一 落款の、「八十一写」から、乾山が没する寛保三年(一七四三)の作ということになる。この落款「紫翠深省(次の二字=「個事」=「居士」の意か?)八十一写」の、その「深省」の次の二字(「個事」のように読める)が「居士」の当て字と解すると、乾山は亡くなる最晩年まで、黄檗宗の独照性円より授かった、禅号の「霊海」の、その在家僧(居士)という意識を持ち続けていたということになる。

二 「冷淡古人風」の「四字」の賛の「古人風」というのは、乾山その人に焦点を当てて、その「古人」(古人・故人・旧人)とは、乾山の無二の家兄・尾形光琳その人と解したい。
その上で、「冷淡」とは、「苦しんだり悩んだりしないで、『見たまま・感じたまま』を、率直に表現する」、その「古人・光琳」の「画風」に因っているという意に解したい。

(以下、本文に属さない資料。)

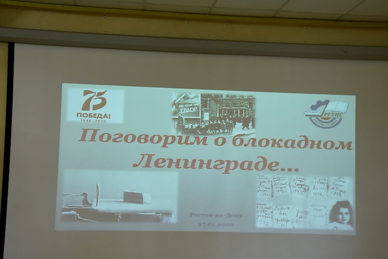 Заместитель директора лицея РГУПС А.А. Юносова рассказала о родителях директора лицея Панфиловой Н.М., которые были непосредственными участниками тех страшных событий. Отец - Панфилов М.М. был назначен начальником оборонительных сооружений на станции Вейрман для выполнения особо важных секретных заданий по проектированию переправы через Ладожское озеро. Мать - Панфилова А.С. – помогала эвакуировать детей Ленинграда в г. Челябинск, взяв на себя всю организацию эшелона т.к. при бомбежке погиб начальник поезда. После войны М.М. Панфилов приехал в Ростов-на-Дону восстанавливать РИИЖТ и возглавлял его в течение 18 лет.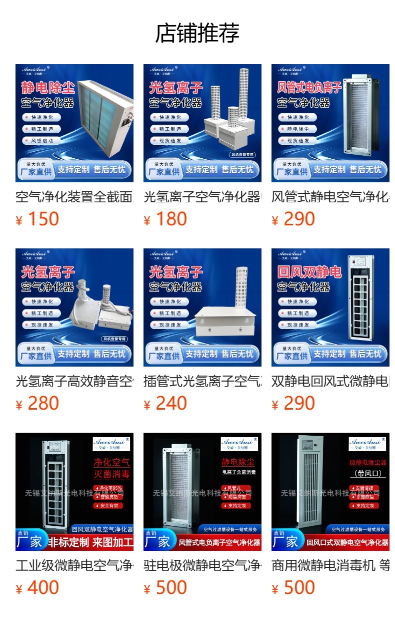 산업용 등급 마이크로 정전기 공기 청정기, 상업용 가정용 고효율 먼지 제거, 포름알데히드 제거, PM2.5 저소비 저소음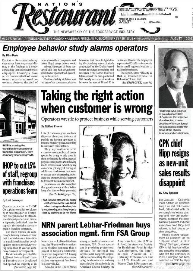 来源:Nation's Restaurant News;Aug4,2003;37,31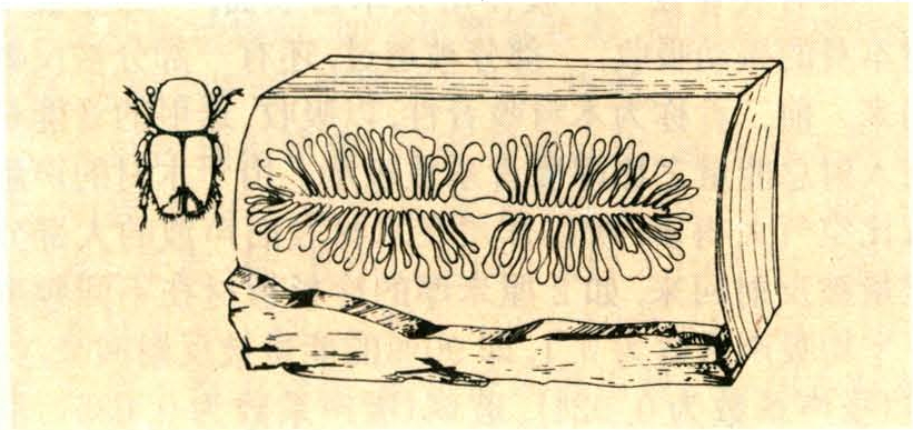 主要由鞘翅目的棘胫小蠹科、长小蠹科、象虫科、天牛科、吉丁虫科、筒蠹科,膜翅目的树蜂科等的害虫蛀蚀所形成。根据蛀蚀程度,可分为表面虫眼或虫沟、小虫眼和大虫眼等。①表面虫眼或虫沟:主要指木材遭蛀蚀的深度不足10毫米的虫眼和虫沟(按中国国家木材缺陷和检验标准规定)(图3)。多由某些小蠹虫及某些天牛等的侵害所形成。主要蚀害新伐倒木树皮下的韧皮层而伤及边材表层,咬穿坑道,形成表面虫眼和虫沟。②小虫眼:主要指虫孔最小直径不足3毫米的虫眼,多由棘胫小蠹科、长小蠹科与筒蠹科等科的某些小蠹虫所造成。它在树皮下蛀蚀的虫眼、虫沟常扩展或延伸至边材部位。虫孔深度3~5厘米,甚或10多厘米不等。虫道在木材内呈水平或垂直树枝状分叉。③大虫眼:虫眼圆形或扁圆形,最小直径在3毫米以上,深度在10毫米以上(按中国国家木材缺陷和检验标准规定),主要由天牛、松树皮象和树蜂等害虫所形成(图4)。虫道常有丝状或粒状蛀屑充塞或排出。例如:光胸幽天牛(中国东北林区称小蛤虫眼),主要危害云杉、冷杉、红松和落叶松等针叶树材的边材,有时靠近边材的心材部分也受其害,其中云杉受害最为严重;云杉大黑天牛(中国东北林区称大蛤虫眼),主要危害针叶树材的边、心材;松墨天牛,又称松褐天牛、松天牛,主要危害马尾松、云杉、冷杉、落叶松、桧属等树种;松瘤象,主要危害马尾松,尤其是直径大的带皮原木和伐根。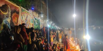 कुशेश्वरस्थान शिव मंदिर के शिव गंगा घाट पर वर्ष 2025 के तीसरे सोमवार को भी गंगा महाआरती का भव्य आयोजन किया गया। विभिन्न शिव नचारी के धुनों पर हुए गंगा महाआरती की प्रस्तुति से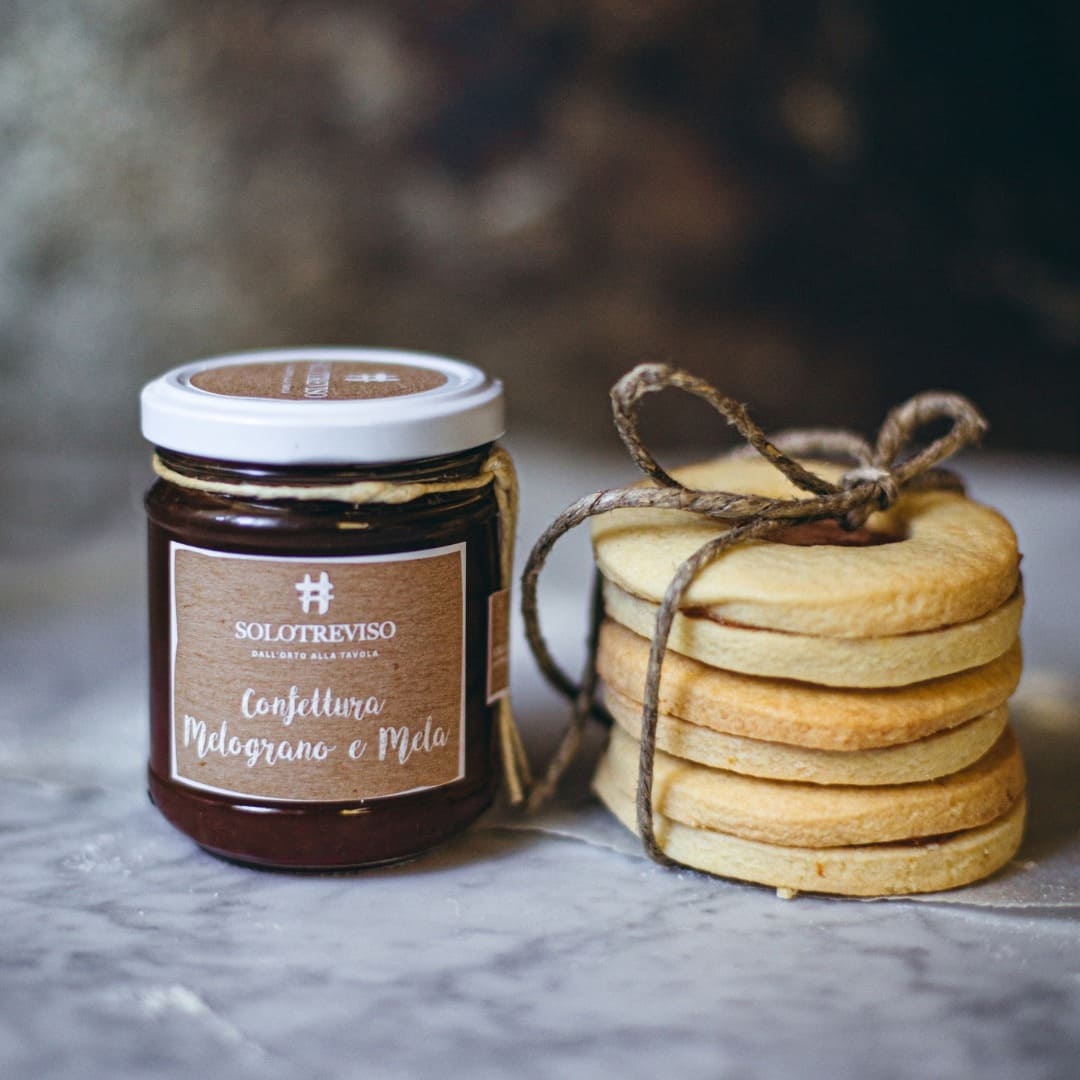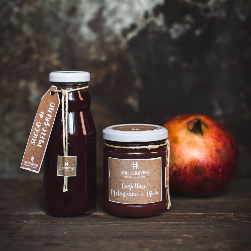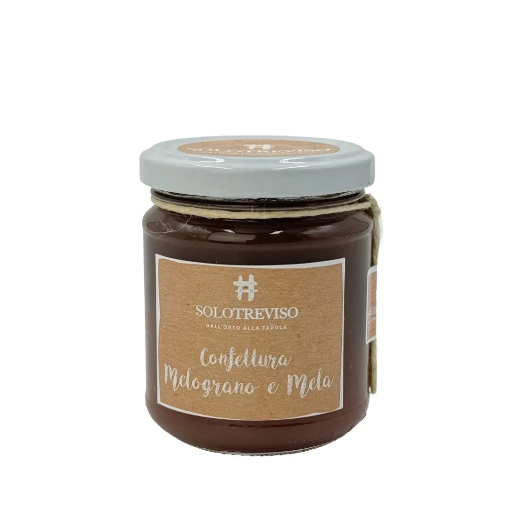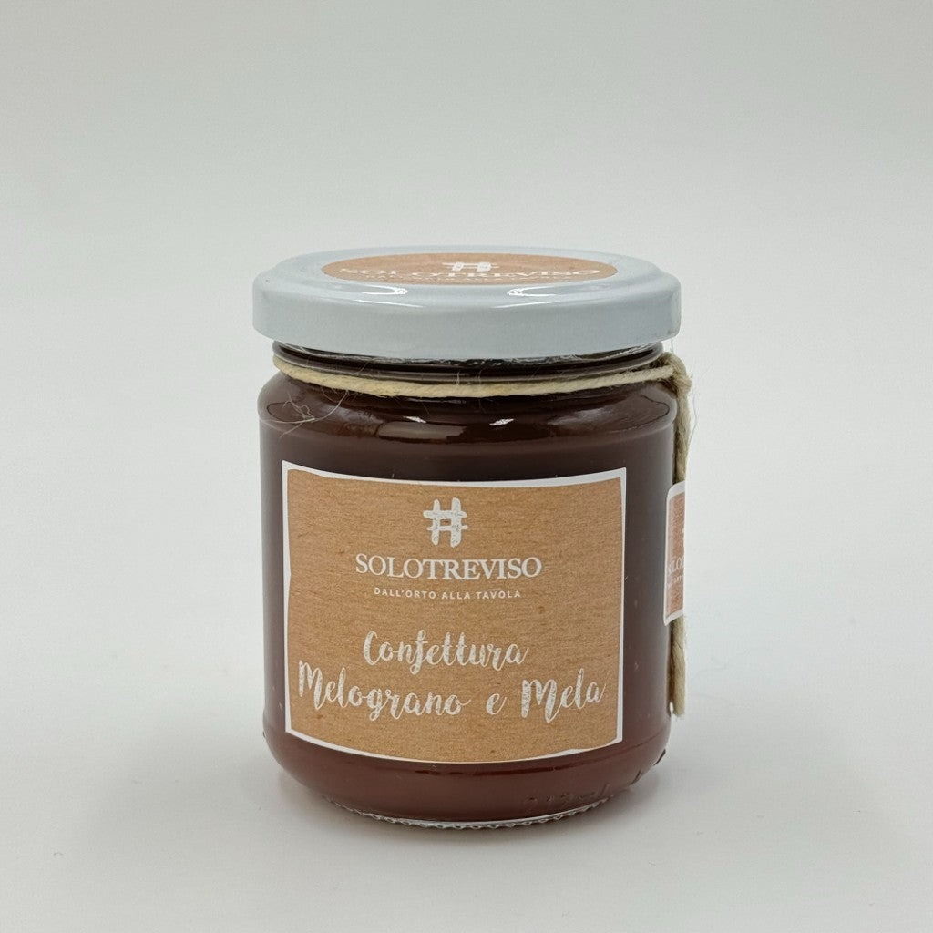 La confettura di melograno e mela di SoloTreviso cattura l'essenza dei frutti autunnali delle campagne venete, unendo il gusto dolce-acido del melograno con la naturale dolcezza della mela. Realizzata con melograno, mele, zucchero di canna e un tocco di limone, questa confettura è priva di conservanti e coloranti artificiali, garantendo un'esperienza gustativa pura e autentica. Il processo di produzione inizia con l'estrazione a freddo del succo di melograno, un metodo che preserva le sue numerose proprietà antiossidanti e il suo sapore unico. Le mele, aggiunte per la loro dolcezza naturale, funzionano anche come pectina naturale, eliminando la necessità di additivi gelificanti artificiali.

三 ずばり、上記の乾山の「竹図」は、次の光琳画・乾山書の「銹絵竹図角皿」の光琳の画「竹図」を、見本にして、その賛のとおり、「古人風(光琳風)」に「冷(感情をたかぶらせない)・淡(かざらず)」に、描いたというのであろう。

 乾山竹二.jpg

光琳画・乾山書「銹絵竹図角皿」H-2.8 D-22 W-21.9 出光美術館蔵

http://www.miho.or.jp/booth/html/artcon/00004464.htm

この乾山の賛「雨洗娟々浄(雨娟々ト浄ヲ洗イ)/風吹細々香(風細々ト香ヲ吹ク)」は、杜甫の『杜少陵集』(巻十四)に、その由来があるようである。上記の乾山の「竹図」(掛幅)は、寛保三年(一七四二)、八十一歳の亡くなる最晩年(江戸在住)のものであるが、光琳画・乾山書「銹絵竹図角皿」は、正徳二年(一七一二、光琳、五十五歳、乾山、五十歳)、「鳴滝の乾山窯を廃し、二条寺町西入ル丁子屋町へ移り、焼物商売を始める」の、それ以前の「鳴滝時代」か、それ以降の「二条丁子屋町時代」かの、「京都時代」の作ということになる。その「京都時代」の落款は、「乾山陶隠深省」で、この「陶隠」の「陶」は、「陶工」、そして、「隠」は「隠士・隠民」(逸民・逸士)を意味しているのであろう。
 
四 光琳には、乾山の賛の「冷淡(古人風)」の水墨画がある。次の「竹虎図」などが、それに当たる。そして、この「竹虎図」の「竹」の描写も、冒頭の乾山の「竹図」と同一世界のものであろう。

光琳竹虎図.jpg

尾形光琳筆「竹虎図」 紙本墨画 28.3×39.0cm 江戸時代(18世紀) 京都国立博物館蔵 A甲539 落款「青々光琳」 印章「方祝」

http://www.kyohaku.go.jp/jp/syuzou/meihin/kinsei/item09.html

著色の花鳥図や草花図などを描く時の光琳には、どこかしら肩肘張ったように見受けられる場合があるが、墨画に関してはまことに軽妙で、親しみ易い作品が多い。その代表作品が「維摩図」と本図である。竹林を背景にちんまりと腰をおろした虎は、いたずらっ子のようなやんちゃな眼をして横を睨む。中国画の影響を受けた狩野山楽などの「龍虎図」が、強烈な力と力の対決の場面に仕上げているのに比すれば、これはもはや戯画とでも称すべき画風であって、本図が対幅であったとすれば、龍もまた愛くるしい龍であるに違いない。それにしても戯画を描くということは、画家の自由性を物語って余りある。